Similaritiy of words - Deutschina's Tech Diary

Let's start with a sample; to calculate similarity of two words, 'cookbook' and 'instruction_book'.

>>> cb = wordnet.synset('cookbook.n.01')
>>> ib = wordnet.synset('instruction_book.n.01')
>>> cb.wup_similarity(ib)
0.9166666666666666

Although the calculation logic is uncler, but as number is close to 1, the similarity is higher. I think we can say 91.6666% should be very similar. Another example is to get distances between 2 words.

>>> ref = cb.hypernyms()[0]
>>> cb.shortest_path_distance(ref)
1
>>> cb.shortest_path_distance(ib)
2

The hypernym of cb('cookbook.n.01') is assgined to ref. The value should be 'reference_book.n.01'. The first shortest_path_distance() is to get the shortest distance from cb to ref. The value should be 1 as ref is a hypernym of cb. The secnd one is between cb and ib('isntructionbook'). It is quite natural that the distance is 2 as cb and ib should have same hypernym.

Then try to use other word. How about similarity between cb(cookbook) and 'dog'?

>>> dog = wordnet.synsets('dog')[0]
>>> dog.wup_similarity(cb)
0.38095238095238093

The value is changed to 38%, less similar. Are there any common hypernyms?

>>> dog.common_hypernyms(cb)
[Synset('object.n.01'), Synset('whole.n.02'), Synset('physical_entity.n.01'), Sy
nset('entity.n.01')]

Thre are some common hypernyms but all of them are so abstract words.
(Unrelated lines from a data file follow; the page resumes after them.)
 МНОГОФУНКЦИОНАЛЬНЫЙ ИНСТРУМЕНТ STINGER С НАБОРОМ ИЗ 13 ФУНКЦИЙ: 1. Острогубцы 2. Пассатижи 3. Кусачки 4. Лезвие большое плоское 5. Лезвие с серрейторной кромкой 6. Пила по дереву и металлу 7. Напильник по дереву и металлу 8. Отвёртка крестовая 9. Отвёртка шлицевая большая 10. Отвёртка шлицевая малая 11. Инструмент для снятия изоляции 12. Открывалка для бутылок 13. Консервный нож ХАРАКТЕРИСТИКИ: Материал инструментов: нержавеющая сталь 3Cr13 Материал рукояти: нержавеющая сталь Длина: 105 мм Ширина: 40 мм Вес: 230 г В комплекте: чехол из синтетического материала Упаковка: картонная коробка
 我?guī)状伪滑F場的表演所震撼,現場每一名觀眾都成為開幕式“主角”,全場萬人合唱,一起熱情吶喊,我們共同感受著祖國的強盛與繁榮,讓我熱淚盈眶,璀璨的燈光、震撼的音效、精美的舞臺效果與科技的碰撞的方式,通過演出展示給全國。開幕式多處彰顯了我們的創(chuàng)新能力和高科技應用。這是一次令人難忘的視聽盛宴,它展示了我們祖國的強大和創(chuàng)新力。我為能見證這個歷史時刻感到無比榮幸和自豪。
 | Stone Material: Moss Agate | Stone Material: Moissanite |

How about verbs? This example is comparing cook and bake.

>>> cook = wordnet.synset('cook.v.01')
>>> bake = wordnet.synset('bake.v.02')
>>> cook.wup_similarity(bake)
0.6666666666666666
>>> bake = wordnet.synset('bake.v.01')

66.6666% is similar enough? (Note: In the text book the results was 0.75. I guess wordnet has been updated.)
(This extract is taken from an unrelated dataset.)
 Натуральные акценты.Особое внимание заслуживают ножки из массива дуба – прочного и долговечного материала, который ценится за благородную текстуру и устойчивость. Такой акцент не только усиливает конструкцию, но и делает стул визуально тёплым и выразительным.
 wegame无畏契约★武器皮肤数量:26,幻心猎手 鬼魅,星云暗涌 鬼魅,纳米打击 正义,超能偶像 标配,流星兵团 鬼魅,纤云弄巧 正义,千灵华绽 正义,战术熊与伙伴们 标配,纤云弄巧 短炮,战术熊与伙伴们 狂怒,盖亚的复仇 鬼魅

Another method, Leacock Chodorow (LCH) similarity is introduced.

>>> cb.path_similarity(ib)
 0.3333333333333333
 >>> cb.path_similarity(dog)
 0.07142857142857142
 >>> cb.lch_similarity(ib)
 2.538973871058276
 >>> cb.lch_similarity(dog)
 0.9985288301111273

I can guess as number is higher, similarity is also higher. Comparing with path_similarity(), it is not clear the provided number means high similarity or not. In terms of that, path_similarity is more user friendly, especially for newbies like me.